After a few days of consistency it was time to test out a new volume increase. Hotmail was up to 1,000 per hour and non hotmail was ramped up to 4,000, this was successful. After a couple of days I decided to push it and increase hotmail to 4k as well. This proved a bad decision and delivery rates plummeted to around 60-70%. I then went back to 1,000 and started again. After leaving things a week I went up to 2,000 and this steadily continued for the forth coming weeks.
The main key to take away here is that it DOES take time, sometimes weeks. The key is small volume increases and consistent delivery over a long period of time.

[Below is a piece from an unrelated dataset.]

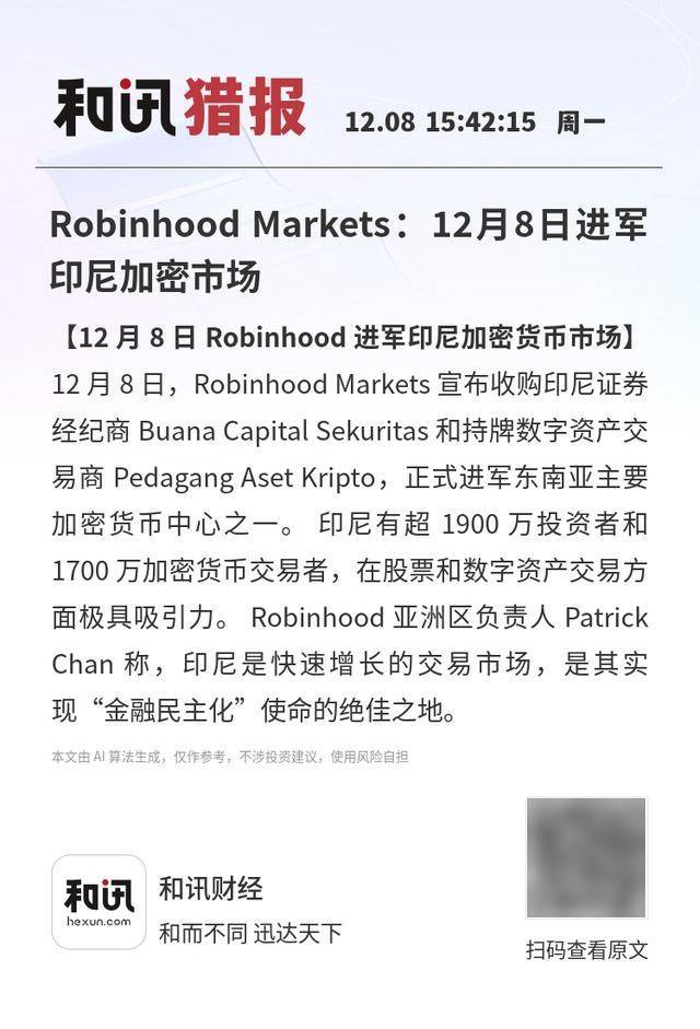 【12 月 8 日 Robinhood进军印尼加密货币市场】12 月 8 日,Robinhood Markets 宣布收购印尼证券经纪 商 Buana Capital Sekuritas 和持牌数字资产交易商 Pedagang Aset Kripto,正式进军东南亚主要加密货币 中心之一。 印尼有超 1900 万投资者和 1700 万加密货币交易者,在股票和数字资产交易方面极具吸引 力。 Robinhood 亚洲区负责人 Patrick Chan 称,印尼是快速增长的交易市场,是其实现"金融民主化"使 命的绝佳之地。 和讯财经 和而不同 迅达天下 扫码查看原文 Robinhood Markets: 12月8日进军 印尼加密市场 【12月8日 Robinhood 进军印尼加密货币市场】 12 月 8 日,Robinhood Markets 宣布收购印尼证券 经纪商 Buana Capital Sekuritas 和持牌数字资产交 易商 Pedagang Aset Kripto,正式进军东南亚主要 加密货币中心之一。 印尼有超 1900 万投资者和 1700 万加密货币交易者,在股票和数字资产交易方 面极具吸引力 ...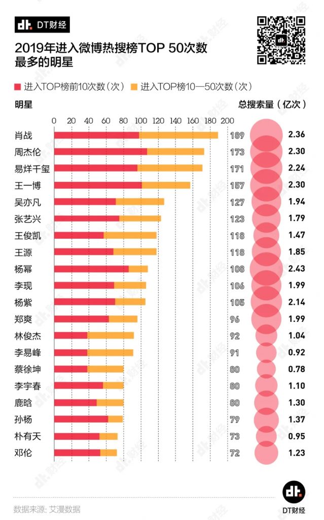 DT君统计了每个明星进入话题热搜榜单TOP 50的次数,找到了2019年上热搜最多的20个明星。

Hotmail would rather see consistent small volumes of email rather than huge volumes over a few hours.
Eventually I was able to take the risk of merging the two sends and hotmail no longer needed to be treated like a separate entity.
Final thoughts
How was I able to avoid conflict with clients/colleagues?
By doing extensive research I was able to provide facts and proof of the situation. This allowed me to explain fully to my colleagues what needed to be done. By reiterating the importance of this practise, my colleagues were able to warn clients of longer send times and this kept aggravation to a minimum for all parties concerned.
I hope this has given you more of an insight into IP’s, how to maintain reputations and what to do in the event of a crisis such as the one above.